▶ What is needed:
Beginning with the line below that contains "Ophelia is, of" and ending with the line that contains "Aerial view of", retype every line exactly. Pictures are not copied.
*** Opening of Records provided ***
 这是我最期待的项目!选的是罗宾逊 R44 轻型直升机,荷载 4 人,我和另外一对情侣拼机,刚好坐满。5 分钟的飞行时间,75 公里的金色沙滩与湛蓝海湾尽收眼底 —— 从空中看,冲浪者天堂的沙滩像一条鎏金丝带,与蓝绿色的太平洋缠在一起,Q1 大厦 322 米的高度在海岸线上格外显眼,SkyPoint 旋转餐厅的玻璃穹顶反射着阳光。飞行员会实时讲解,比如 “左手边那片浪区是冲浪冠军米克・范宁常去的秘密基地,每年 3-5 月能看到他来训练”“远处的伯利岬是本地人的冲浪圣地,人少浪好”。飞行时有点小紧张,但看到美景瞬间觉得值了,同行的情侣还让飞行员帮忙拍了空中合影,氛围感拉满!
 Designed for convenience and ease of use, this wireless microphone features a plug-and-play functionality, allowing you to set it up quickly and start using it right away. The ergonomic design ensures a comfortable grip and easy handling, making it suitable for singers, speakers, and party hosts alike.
*** Close of Records provided ***
*** Opening of Records provided ***
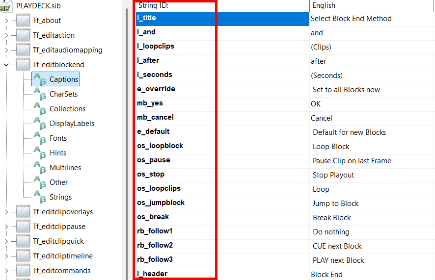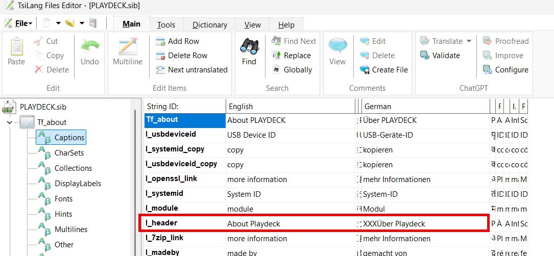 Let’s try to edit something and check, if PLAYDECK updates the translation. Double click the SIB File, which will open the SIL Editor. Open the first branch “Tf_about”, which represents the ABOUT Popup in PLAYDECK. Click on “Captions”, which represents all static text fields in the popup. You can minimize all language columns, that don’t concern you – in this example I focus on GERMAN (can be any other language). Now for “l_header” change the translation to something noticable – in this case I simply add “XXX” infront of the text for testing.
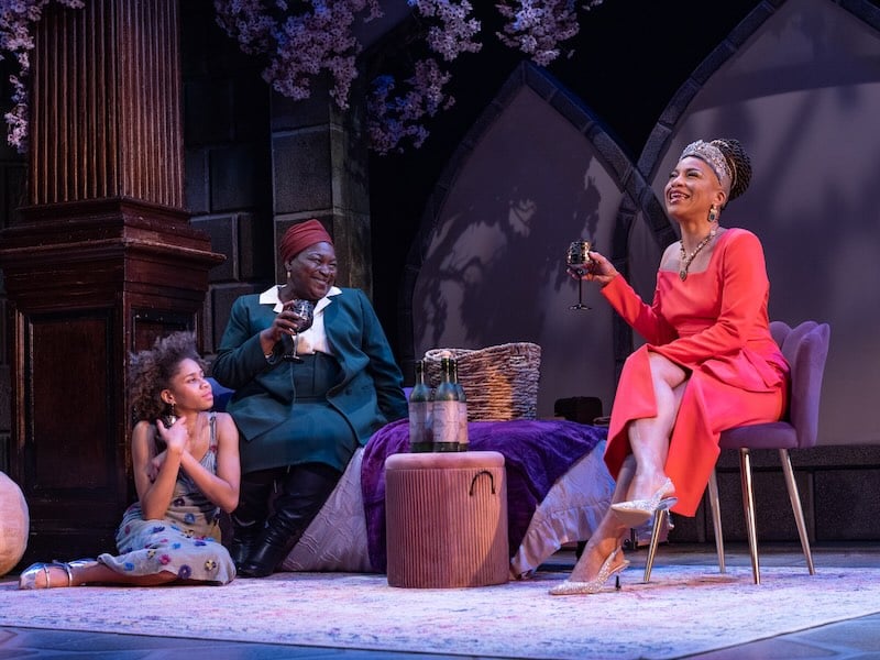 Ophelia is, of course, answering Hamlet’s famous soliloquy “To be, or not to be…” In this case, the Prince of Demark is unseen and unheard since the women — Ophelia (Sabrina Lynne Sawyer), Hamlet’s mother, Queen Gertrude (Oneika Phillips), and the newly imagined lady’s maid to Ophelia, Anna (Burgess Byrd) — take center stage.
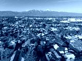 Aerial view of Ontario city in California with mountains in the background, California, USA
*** Close of Records provided ***
▶ Exercise result:
 Ophelia is, of course, answering Hamlet’s famous soliloquy “To be, or not to be…” In this case, the Prince of Demark is unseen and unheard since the women — Ophelia (Sabrina Lynne Sawyer), Hamlet’s mother, Queen Gertrude (Oneika Phillips), and the newly imagined lady’s maid to Ophelia, Anna (Burgess Byrd) — take center stage.
 Aerial view of Ontario city in California with mountains in the background, California, USA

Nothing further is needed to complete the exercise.